Data yang dikutip dari CNN Indonesia, pemerintah memperkirakan potensi penerimaan devisa dari sektor pariwisata halal ini mencapai sekitar US$5,5 – US$10 miliar atau setara Rp77-Rp140 triliun (kurs Rp14 ribu per dolar Amerika Serikat). Sedangkan jika kita menelusuri kembali pendapatan dari salah satu sumber strategis seperti emas-tembaga, pendapatan PT Freeport-McMoran Inc. mencatatkan pendapatan sepanjang tahun 2022 sebanyak US$ 22,78 miliar atau setara Rp341,70 triliun (asumsi kurs Rp15.000/US$). (Sumber CNBC Indonesia).

Sungguh angka tersebut begitu fantastis perbedaannya. Kita dapat bayangkan berapa banyak pendapatan perusahaan tersebut yang sudah beroperasi sejak zaman orde baru. Tentu hasilnya jauh lebih besar. Sayangnya negeri ini terkungkung dengan sistem kapitalisme yang membuat kekayaan alam justru dikuasai oleh asing, bukan umat. Belum lagi ancaman terhadap utang negara yang begitu besar, sehingga wajar jika pemerintah terus mengais-ngais sumber pendapatan dari berbagai macam celah seperti menaikan pajak dan juga menarik sumber pendapatan devisa dari wisata halal.

Kali ini, lagi-lagi masyarakatlah yang menjadi korbannya.
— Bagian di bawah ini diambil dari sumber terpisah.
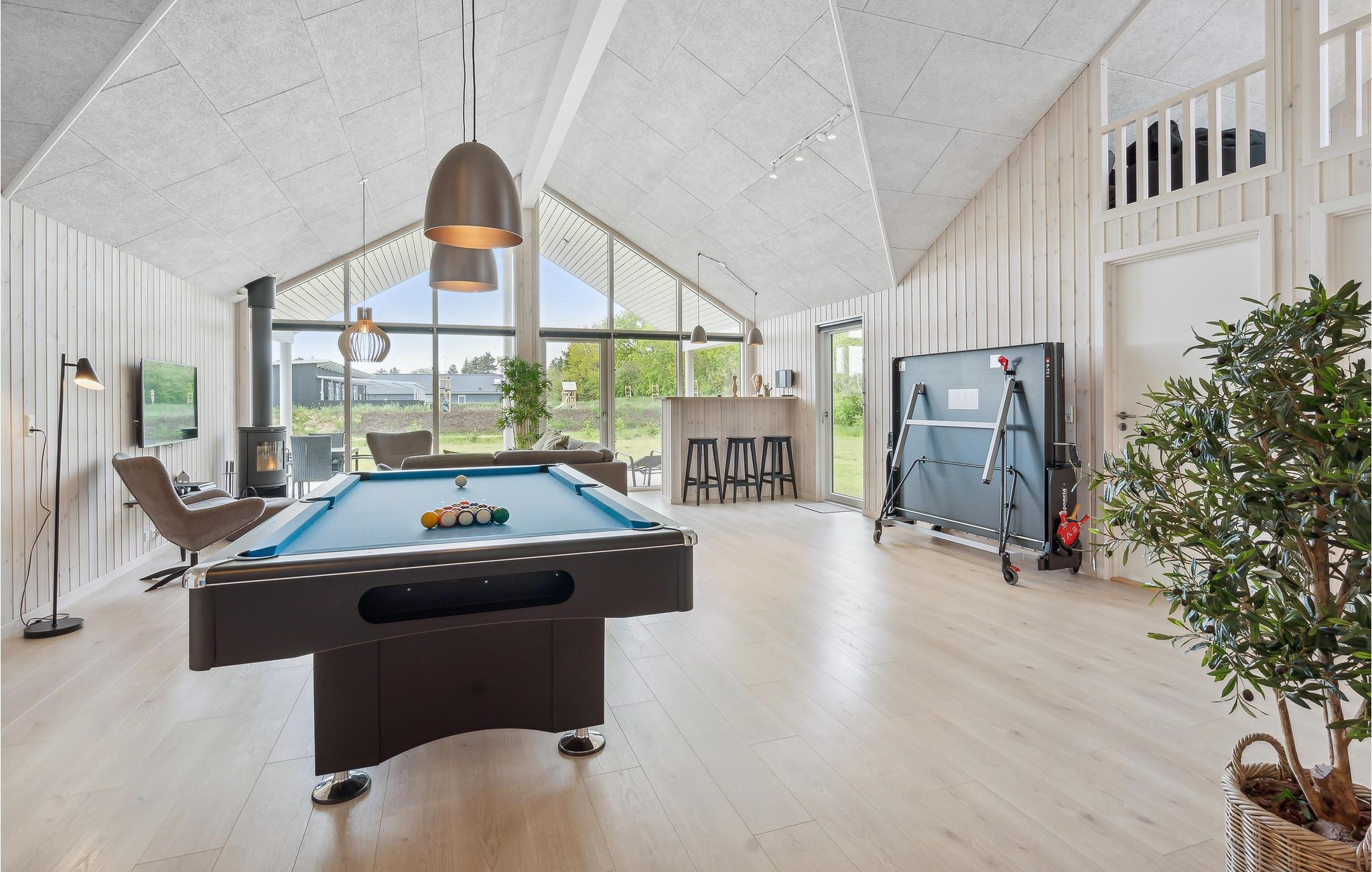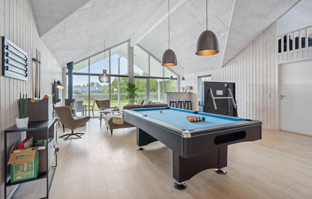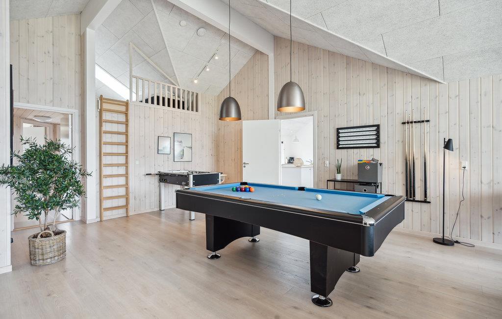 Welkom in dit mooie en royaal ingerichte vakantiehuis met uitstekende, gevarieerde mogelijkheden voor het hele gezin om zich samen te vermaken. Het vakantiehuis ligt in een populair vakantiegebied bij Houstrup Strand, niet ver van de badplaats Blåvand. Een aangenaam wandelpad brengt u naar de Noordzee, waar u bij mooi weer kunt zwemmen en op elk moment een lange, inspirerende wandeling in de frisse zeelucht kunt maken. Ook bij vies weer kunt u zwemmen, want een overdekt zwembad is een van de vele faciliteiten die het vakantiehuis te bieden heeft.

Sudahlah jatuh karena kemiskinan yang sistemik, masyarakat juga harus ketiban tangga akibat negara yang tak bisa menopang kehidupan rakyat dengan fasilitas yang memadai untuk pendidikan, kesehatan, dan lainnya sebab kas negara kosong.

Pandangan wisata halal dalam Islam sungguh sangat jauh berbeda jika dibandingkan dengan era kapitalisme hari ini. Negara Islam, Khilafah tidak pernah memandang bahwa wisata sebagai salah satu pendapatan devisa negara. Sebab negara sudah memiliki 3 (tiga) sektor utama sebagai sumber pendapatan negara yang terbukti dapat menjamin kesejahteraan rakyat. Yaitu, pertama adalah pos kepemilikan negara, kedua pos kepemilikan umum, ketiga pos zakat yang terakumulasi di Baitul Maal.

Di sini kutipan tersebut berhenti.